> [TASK INSTRUCTIONS] Pictures are not part of the copy. Set down exactly the lines from the one containing "like Sequoia Capital." through the last line of the material below.

> [MATERIAL PROVIDED]
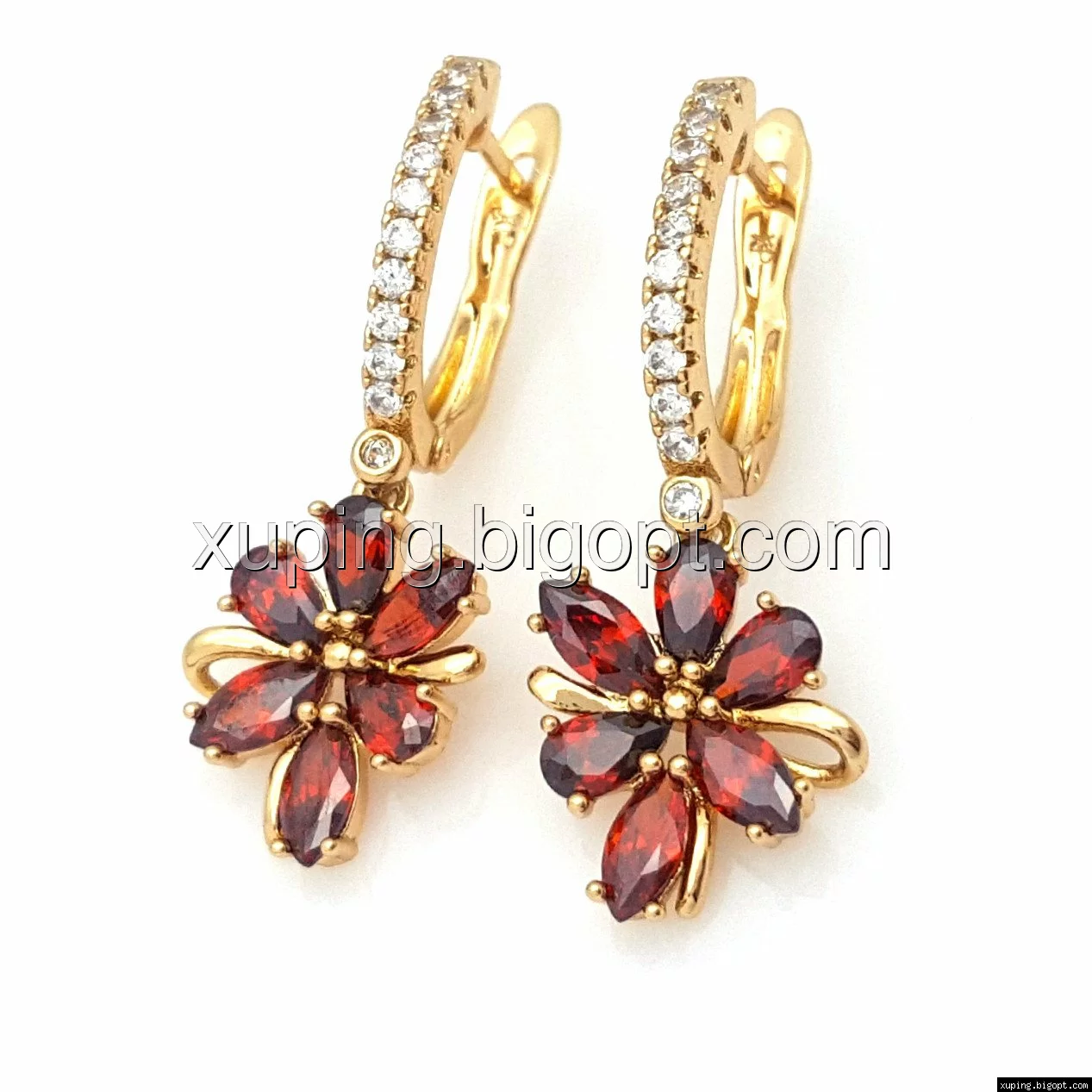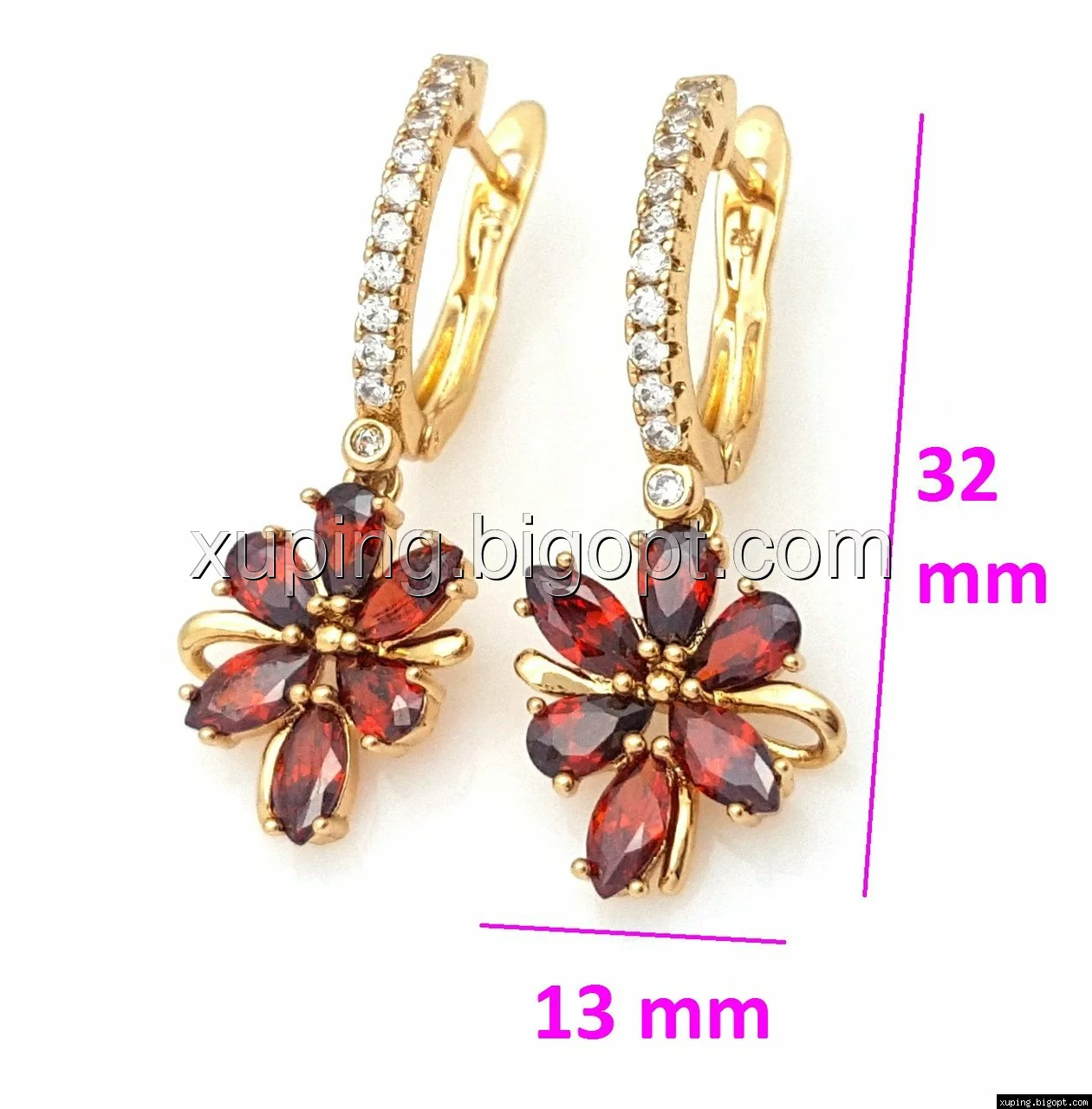 Серьги позолота Xuping 704754, Цветок с красными камнями, англ.замок
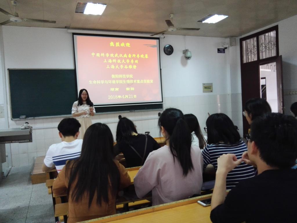 天朗气清,惠风和畅,4月21日,名校研究生与德赢官网本科生考研交流会在西外语楼102成功举行,应唐青海博士邀请,中国科学院武汉病毒所李晓蓉、上海科技大学李羽和上海大学谷雅静3位研究生来到生命科学与环境学院与德赢官网2015级动物科学专业学生和生物技术重点实验室学员分享考研经验和研究生生活,杨海副院长、唐青海博士以及2015级动物科学专业、2016级、2017级生物科学专业学生参加了此次交流会。
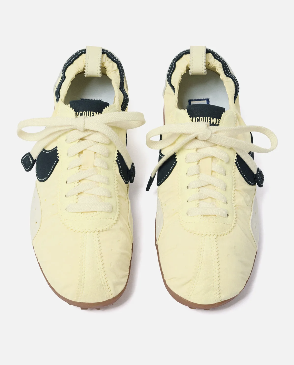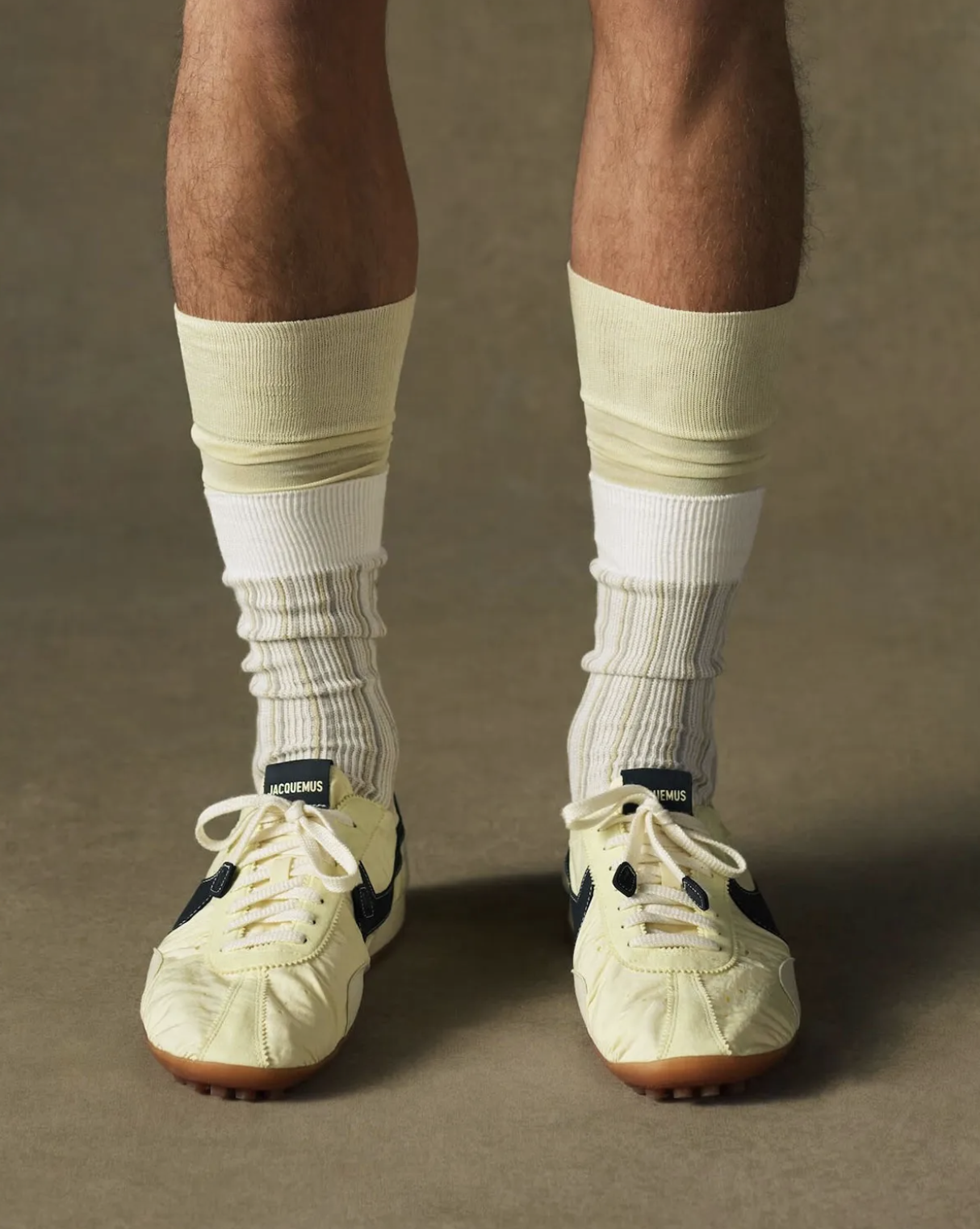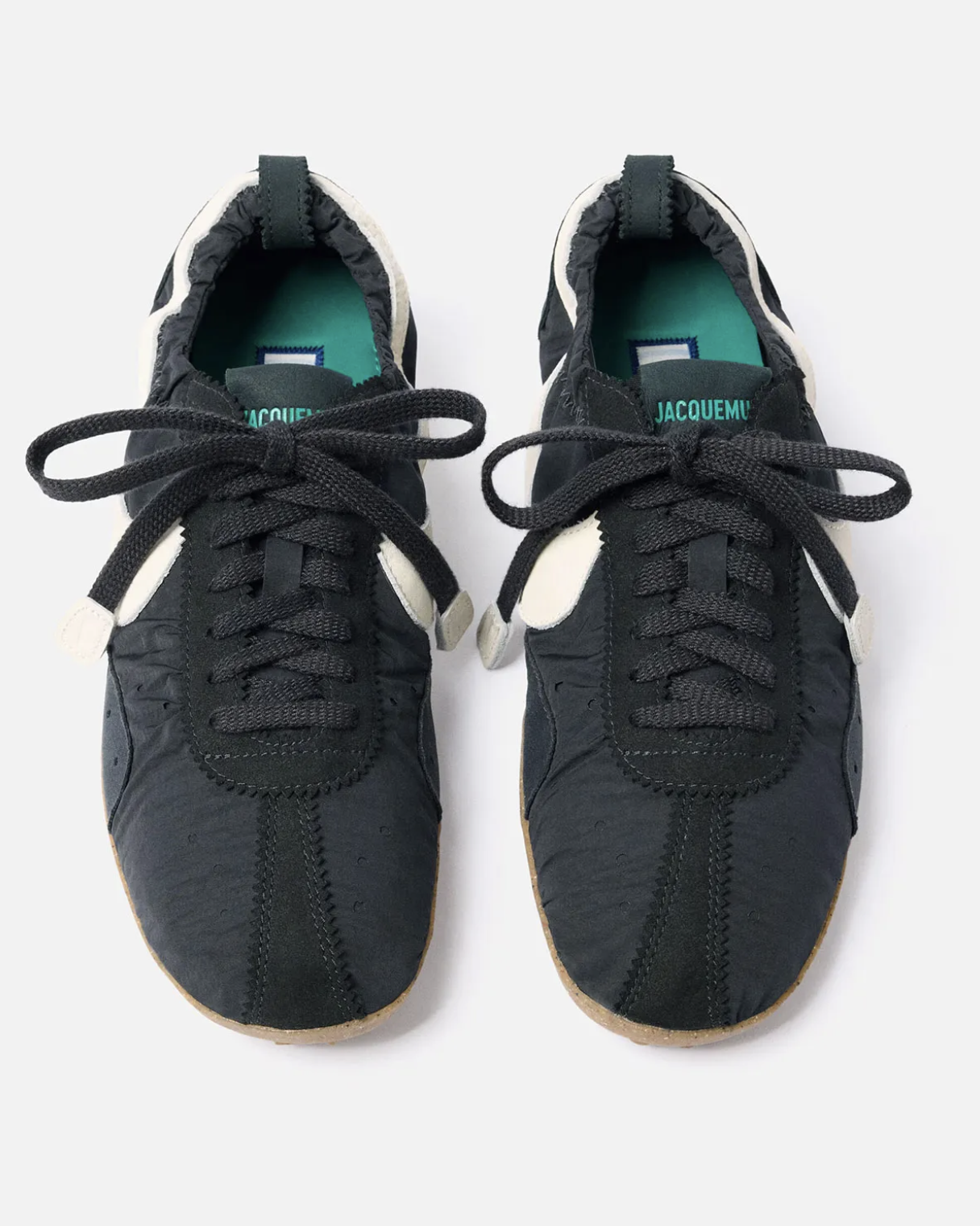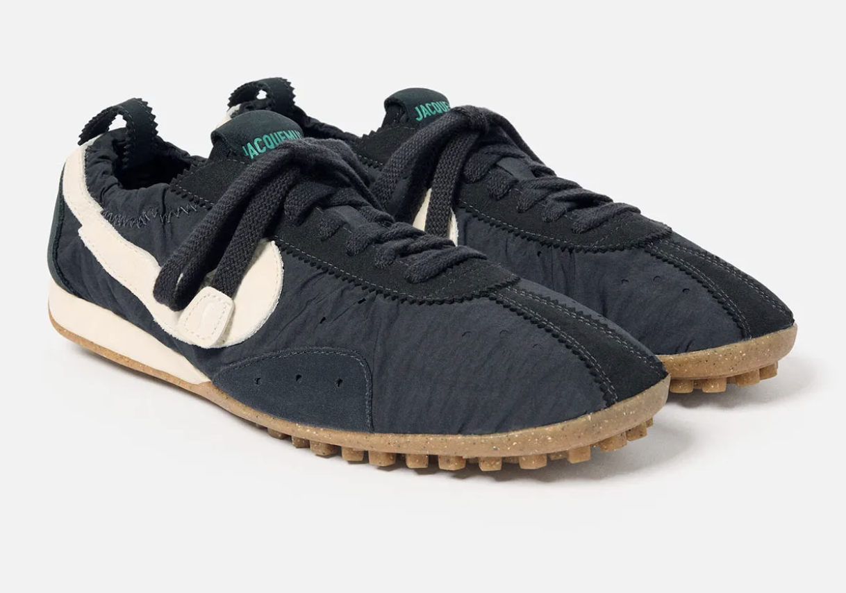 Cette version moderne garde la construction en nylon caractéristique, avec une cheville ajustée et un col semblant cintré pour un porté presque chausson. Le branding Jacquemus apparaît sur la languette, tandis que le contre-talon en suède arbore discrètement le nom, comme un rappel de ses origines. Trois coloris sont annoncés : un noir profond, un rouge universitaire vif, et un blanc cassé doux, chacun reposant sur une semelle gum au look rétro patiné, fidèle à l’esprit vintage de la paire.
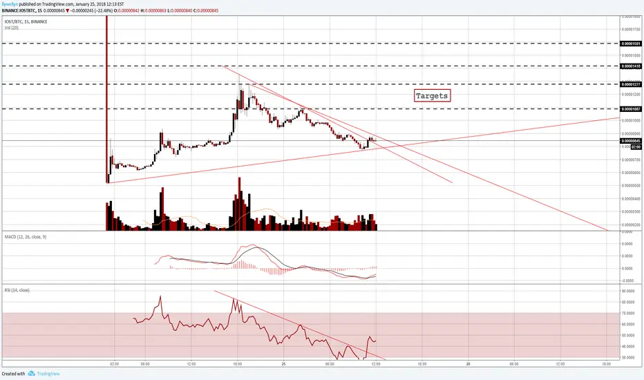 $IOST was listed yesterday on Binance. It had a nice pump & has been consolidating for the last half day or so. The pattern looks strong & RSI broke the down trend. I like this as a coin to snag & hold for a few weeks for a bigger pump. Targets are my initial fib targets where I'll take some profits to average down. Seeing as this coin is new & establishing its price, it does have the potential to move to lower levels so invest responsibly. The fundamentals also look good here - strong backers like Sequoia Capital.
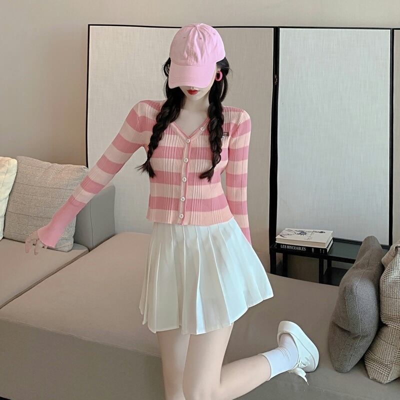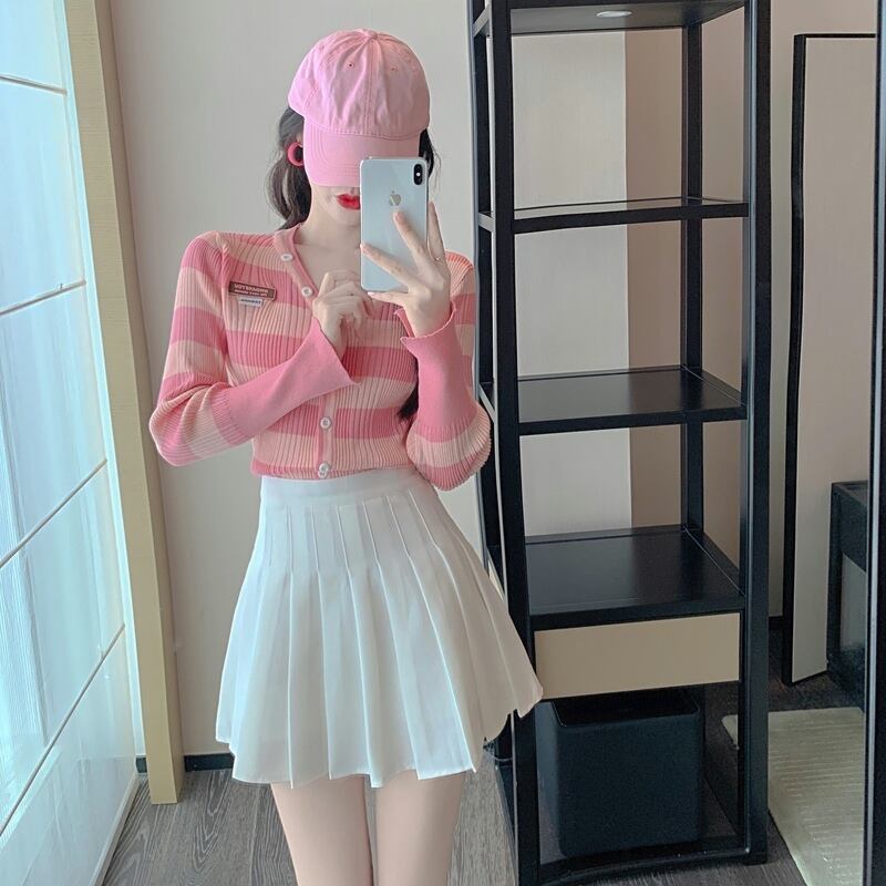 色:ピンクのストライプカーディガンコート,白いプリーツスカート

> [TASK ANSWER]
 $IOST was listed yesterday on Binance. It had a nice pump & has been consolidating for the last half day or so. The pattern looks strong & RSI broke the down trend. I like this as a coin to snag & hold for a few weeks for a bigger pump. Targets are my initial fib targets where I'll take some profits to average down. Seeing as this coin is new & establishing its price, it does have the potential to move to lower levels so invest responsibly. The fundamentals also look good here - strong backers like Sequoia Capital.
 色:ピンクのストライプカーディガンコート,白いプリーツスカート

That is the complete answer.